I najważniejsze… Przed przejściem na Raw food powinno się wykonać szczegółowe badania lekarskie, a potem powtarzać je co jakiś czas. Daje to pewność, że wszystko idzie zgodnie z planem, ale także motywuje kiedy dostrzega się efekty diety czarno na białym :) Wyniki są też ważną informacją czy nowy sposób odżywiania jest odpowiednio zbilansowany.



W kilku punktach – jak dokładnie wyglądało moje przejście na Raw food.

Za drugim razem oczywiście :)


1. Wykonałam dokładne badania lekarskie.


2. Produkty, które jadłam do tej pory zamieniłam na jak najmniej przetworzone i ekologiczne. Chleb na zakwasie, ekologiczne mleko, masło i jaja, wędliny wyrabiane w tradycyjny sposób. Trochę trwało zanim znalazłam te prawdziwe i najlepszej jakości. W następnych postach opiszę dokładnie na co zwracać uwagę robiąc zakupy. Zrezygnowałam z fast foodów, wszystkie posiłki przygotowywałam w domu.

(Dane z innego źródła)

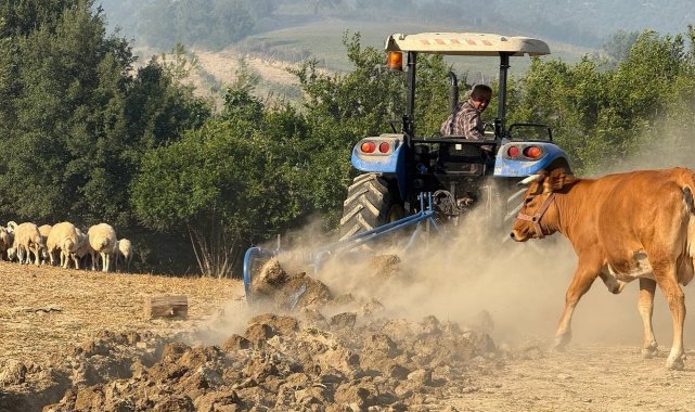 Adana'nın Kozan ilçesinde çıkan orman yangınına ekiplerin havadan ve karadan müdahalesi sürereken, vatandaşlar da kendi canlarının yanı sıra hayvanlarını da korumak için traktörlerle tarlaya topladıkları sürülerini koruma altına almaya çalıştı.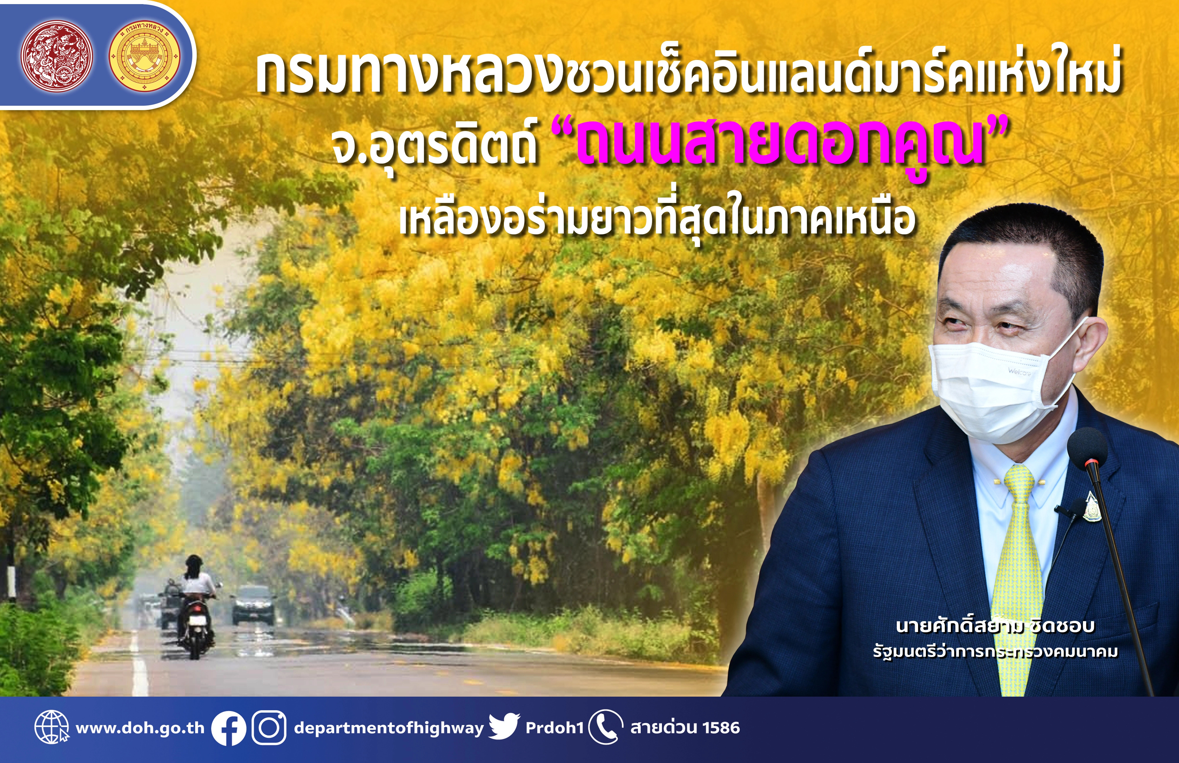 ข้อมูลข่าว : กรมทางหลวงชวนเช็กอินแลนด์มาร์คแห่งใหม่ จ.อุตรดิตถ์ “ถนนสายดอกคูณ” เหลืองอร่ามยาวที่สุดในภาคเหนือ

3. Wprowadziłam zielone soki. Na początku piłam te do których byłam przyzwyczajona – sok marchewkowy i jabłkowy z coraz większą ilością zielonych liści. Z czasem zaczęłam pić z samych zielonych warzyw: pietruszki, szpinaku, brokuła, selera, sezonowo jarmużu i sałaty. Zaczęłam hodować trawę pszeniczną i ją także wyciskać.


4. Piłam coraz więcej wody z wysokim pH (zasadowej). Więcej na temat suplementów podwyższających pH wody znajdziecie w następnych postach.


5. Ćwiczyłam. Zaczęłam od bardzo delikatnych ćwiczeń, dosłownie 10 minut dziennie i z czasem zwiększałam wysiłek.


6. Zanim wprowadziłam Raw food jadłam bardzo dużo słodyczy takich jak batoniki, cukierki, czekoladki itd. W pierwszej kolejności zamieniłam to wszystko na domowe ciasta, które sama piekłam. Następnie wprowadzałam coraz więcej suszonych, słodkich przekąsek takich jak rodzynki, daktyle. Potem zamieniłam ciasta na desery Raw food: budyń z bananów i avokado, orzechowo – figowe kulki, czarny ryż z melonem i mleczkiem kokosowym. Przepisy na wszystkie te słodkości zamieszczę w następnych postach. W końcu zaczęłam redukować desery i zastępować je owocami.


7. Wyeliminowałam nabiał. Nadal jadłam kanapki, więc zamiast masła używałam avokado.


8. Jadłam coraz więcej sałatek. Dużo eksperymentowałam z przepisami i wprowadzałam do codziennych posiłków tylko te, które mi naprawdę smakowały.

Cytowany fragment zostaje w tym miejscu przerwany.